There are two technical areas that are of particular interest (skip to the last paragraph if you are not too technically inclined…). The first is the interface between the audio/video (RTC) client running in the browser (probably downloaded as part of a web site in the form of Javascript or Java) and the browser itself. An RTC client must be able to request audio and video from the browser (and the browser must know how to access microphone and camera in the OS), but more importantly, for this to scale, the browser must be able to set up an audio/video session directly with another browser (the other person you are calling). The reason is that the alternative, going through a server on the Internet, is costly. The current browser security model only allows a direct connection to the server where you downloaded the web page containing the Java/Javascript, so an important part of the work will be to figure out how to solve this without introducing security issues. It seems that everybody agrees that the browser’s interface (API) used by the Javascript/Java RTC client should be standardized to allow a single RTC client implementation to run on many different browsers. This would allow you to write one RTC client embedded in a web page and it will run in many browsers. Specifying such an API is within the W3C organization’s domain and the W3C is involved in the RTCWEB work.
More controversial, the second interface makes for more interesting discussions and possibly strategic consequences. The RTC client running inside the browser needs to communicate with a server or network to make and receive calls. It needs to register somewhere, “here I am, I’m ready to receive calls!” and it needs to be able to make calls, “please connect me with the following address!” The question is: Should this interface be standardized or should the RTC client just communicate with the central server using a proprietary protocol? The argument for the latter is that it will stimulate innovation and that the above API and how to set up the browser-to-browser media sessions are the only elements that should be standardized.

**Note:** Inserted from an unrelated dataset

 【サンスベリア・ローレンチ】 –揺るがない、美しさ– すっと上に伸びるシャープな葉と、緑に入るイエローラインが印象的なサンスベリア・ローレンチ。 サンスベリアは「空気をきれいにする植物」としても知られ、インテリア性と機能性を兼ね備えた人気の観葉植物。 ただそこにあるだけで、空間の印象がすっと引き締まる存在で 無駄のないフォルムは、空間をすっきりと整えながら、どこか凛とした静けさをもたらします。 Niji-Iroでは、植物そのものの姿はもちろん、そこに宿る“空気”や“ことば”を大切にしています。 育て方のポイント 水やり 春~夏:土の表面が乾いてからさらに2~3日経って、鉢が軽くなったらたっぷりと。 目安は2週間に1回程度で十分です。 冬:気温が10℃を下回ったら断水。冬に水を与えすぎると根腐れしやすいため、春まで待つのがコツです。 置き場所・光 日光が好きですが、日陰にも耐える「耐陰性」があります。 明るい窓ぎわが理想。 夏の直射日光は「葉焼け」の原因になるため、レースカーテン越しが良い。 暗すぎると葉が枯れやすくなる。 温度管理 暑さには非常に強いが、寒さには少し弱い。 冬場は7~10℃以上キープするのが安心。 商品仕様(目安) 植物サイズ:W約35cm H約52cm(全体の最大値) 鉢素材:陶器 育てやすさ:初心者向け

Well, it is likely that mechanisms like ICE may be of use in setting up a session, and there will be media parameters etc that must be communicated as part of setting up a session, so what has already been solved using SIP must be mapped into the protocol between the RTC client and the server that connects the calls, whether it is proprietary or not. Although I’m favorable to the argument that using SIP between the RTC client and the server creates a lot of overhead if you only need a small part for your application, it seems a bit unnecessary that every RTC client implementer has to come up with a new way of setting up a session and exchanging the necessary parameters.

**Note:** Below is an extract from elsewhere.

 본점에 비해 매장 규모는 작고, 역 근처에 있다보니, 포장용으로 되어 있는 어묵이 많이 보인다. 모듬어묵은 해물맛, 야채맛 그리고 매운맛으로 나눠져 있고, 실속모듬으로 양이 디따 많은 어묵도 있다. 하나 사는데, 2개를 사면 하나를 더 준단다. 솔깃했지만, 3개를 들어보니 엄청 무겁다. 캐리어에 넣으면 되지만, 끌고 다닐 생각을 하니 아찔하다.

At a higher level, though, what if a Javascript RTC client can leverage a full SIP stack in the browser? Doesn’t that mean that any high-school student could add additional value on top instead of writing a lot of low-level client/server code? If that functionality is not available, both client and server-side code must be developed before the RTC capabilities of the browser can be used. On the other hand, in order to use a SIP stack in the browser, you would need a SIP service running on your server. If you don’t have SIP in the browser, you have to invent your own client-server protocol and you could use simple XML-based exchanges from the Javascript client to your server to set up a session.

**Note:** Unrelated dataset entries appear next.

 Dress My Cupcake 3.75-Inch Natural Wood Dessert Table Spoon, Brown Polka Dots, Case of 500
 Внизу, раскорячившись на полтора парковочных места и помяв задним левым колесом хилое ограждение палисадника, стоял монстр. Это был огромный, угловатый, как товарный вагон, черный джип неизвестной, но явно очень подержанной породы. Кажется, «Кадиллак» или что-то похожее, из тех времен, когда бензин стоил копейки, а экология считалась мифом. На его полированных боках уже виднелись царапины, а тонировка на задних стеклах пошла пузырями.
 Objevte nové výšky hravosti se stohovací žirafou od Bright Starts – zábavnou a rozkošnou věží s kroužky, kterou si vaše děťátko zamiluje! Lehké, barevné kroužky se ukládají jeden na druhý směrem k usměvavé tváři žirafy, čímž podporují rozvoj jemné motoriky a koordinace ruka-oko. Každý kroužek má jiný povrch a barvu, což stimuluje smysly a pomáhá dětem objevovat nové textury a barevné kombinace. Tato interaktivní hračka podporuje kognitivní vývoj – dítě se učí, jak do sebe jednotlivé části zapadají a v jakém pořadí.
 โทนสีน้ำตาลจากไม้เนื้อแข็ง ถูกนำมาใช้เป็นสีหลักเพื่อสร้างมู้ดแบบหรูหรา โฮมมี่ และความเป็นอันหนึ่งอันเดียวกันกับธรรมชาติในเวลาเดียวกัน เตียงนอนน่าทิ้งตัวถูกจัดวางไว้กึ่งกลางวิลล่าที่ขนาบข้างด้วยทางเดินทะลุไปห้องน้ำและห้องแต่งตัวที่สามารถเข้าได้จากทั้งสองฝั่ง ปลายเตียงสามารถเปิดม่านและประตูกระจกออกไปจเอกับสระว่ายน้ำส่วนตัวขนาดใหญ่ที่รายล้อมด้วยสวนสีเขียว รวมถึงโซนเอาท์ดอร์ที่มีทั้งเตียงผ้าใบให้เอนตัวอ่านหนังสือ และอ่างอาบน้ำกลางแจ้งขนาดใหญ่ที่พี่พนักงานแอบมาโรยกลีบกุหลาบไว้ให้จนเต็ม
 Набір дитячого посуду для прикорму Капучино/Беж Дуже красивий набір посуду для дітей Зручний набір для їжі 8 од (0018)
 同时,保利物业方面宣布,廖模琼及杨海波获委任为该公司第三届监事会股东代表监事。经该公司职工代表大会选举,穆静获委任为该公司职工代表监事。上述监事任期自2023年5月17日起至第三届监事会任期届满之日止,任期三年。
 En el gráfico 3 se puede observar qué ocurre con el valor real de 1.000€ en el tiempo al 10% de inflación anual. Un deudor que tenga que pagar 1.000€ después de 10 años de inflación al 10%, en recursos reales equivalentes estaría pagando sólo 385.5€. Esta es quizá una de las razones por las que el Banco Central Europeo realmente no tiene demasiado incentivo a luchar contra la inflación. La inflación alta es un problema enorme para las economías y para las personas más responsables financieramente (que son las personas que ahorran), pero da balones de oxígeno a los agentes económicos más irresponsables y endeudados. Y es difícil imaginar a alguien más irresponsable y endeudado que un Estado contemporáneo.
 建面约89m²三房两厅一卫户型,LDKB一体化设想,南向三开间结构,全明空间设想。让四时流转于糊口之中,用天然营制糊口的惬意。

Pondering this a bit I get the feeling that no standardization of the RTC client-server interface would spur innovation for small, light-weight applications, but that any real audio/video/IM client implementation would require quite a bit of work to get right. This in reality favors larger vendors with lots of resources. As you probably can choose to adopt a light-weight client/server protocol even if there is a full SIP stack in the browser (or at least, it should be possible to design in way that this is possible), I don’t really see the downside (beyond standardization body cycles) of standardizing how SIP should work between a browser and a web server, probably over port 443/80.
So, what are the consequences for companies like Cisco? We would really welcome video capabilities within the browser. For example, our PrecisionUSB camera would be possible to use to get a high-quality video source. Of course, having a large install base, we would like to ensure compatibility with existing SIP systems and avoid interoperability through a gateway. Gateways are always expensive (especially media gateways) and reduces the functionality that can flow over the gateway. I would love to see the possibility of creating a browser-based client, but if the quality ends up as a least common denominator (i.e. not possible to add codecs to improve quality or extend beyond APIs/protocols to improve functionality), I feel we haven’t gained much. Indeed, enabling a basic real-time communication experience through free services would be beneficial to everybody, but if we do it in a way that allows high-school students as well as large corporations to innovate on top of it, I believe we have much more to gain.